STORED DATA —

--------

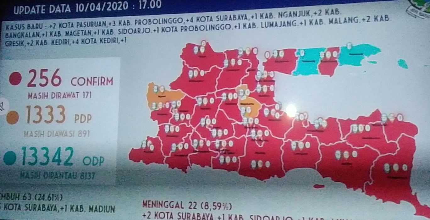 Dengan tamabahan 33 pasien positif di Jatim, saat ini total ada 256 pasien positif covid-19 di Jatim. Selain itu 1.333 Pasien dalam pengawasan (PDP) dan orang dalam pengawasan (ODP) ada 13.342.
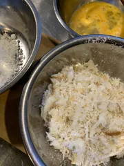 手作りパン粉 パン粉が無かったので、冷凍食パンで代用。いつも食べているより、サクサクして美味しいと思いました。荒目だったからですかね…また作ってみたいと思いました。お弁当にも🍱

--------

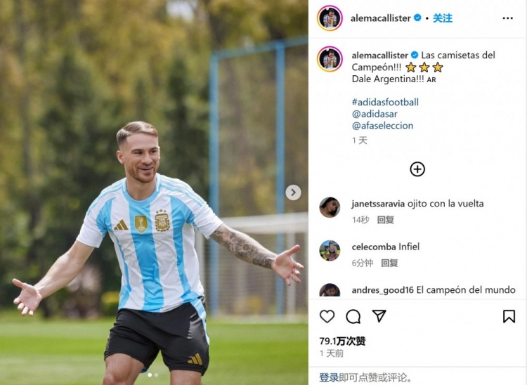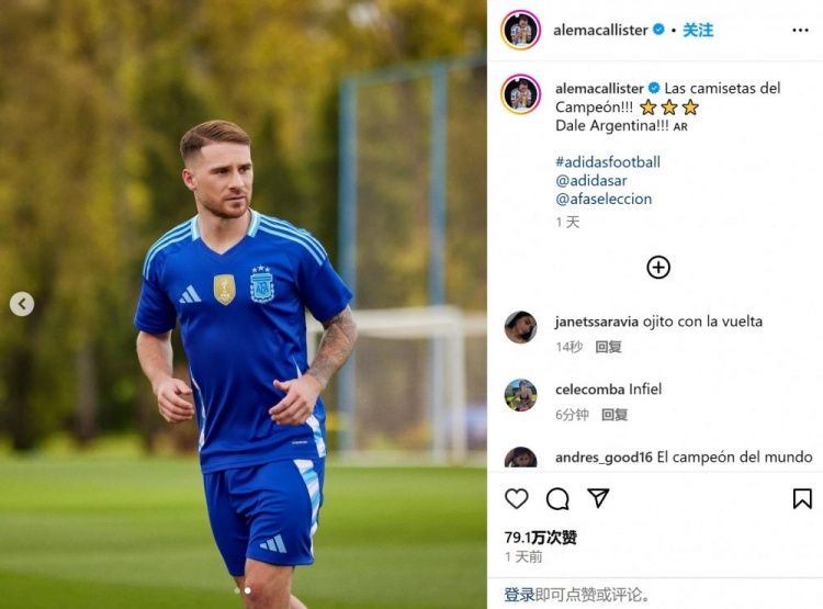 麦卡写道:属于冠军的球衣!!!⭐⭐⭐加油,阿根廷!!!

--------

WHAT TO WORK ON —
Starting with the line that has "Dengan tamabahan 33" and going on through the line that has "手作りパン粉 パン粉が無かっ", transcribe the records above exactly, but skip the pictures.

OUTPUT —
 Dengan tamabahan 33 pasien positif di Jatim, saat ini total ada 256 pasien positif covid-19 di Jatim. Selain itu 1.333 Pasien dalam pengawasan (PDP) dan orang dalam pengawasan (ODP) ada 13.342.
 手作りパン粉 パン粉が無かったので、冷凍食パンで代用。いつも食べているより、サクサクして美味しいと思いました。荒目だったからですかね…また作ってみたいと思いました。お弁当にも🍱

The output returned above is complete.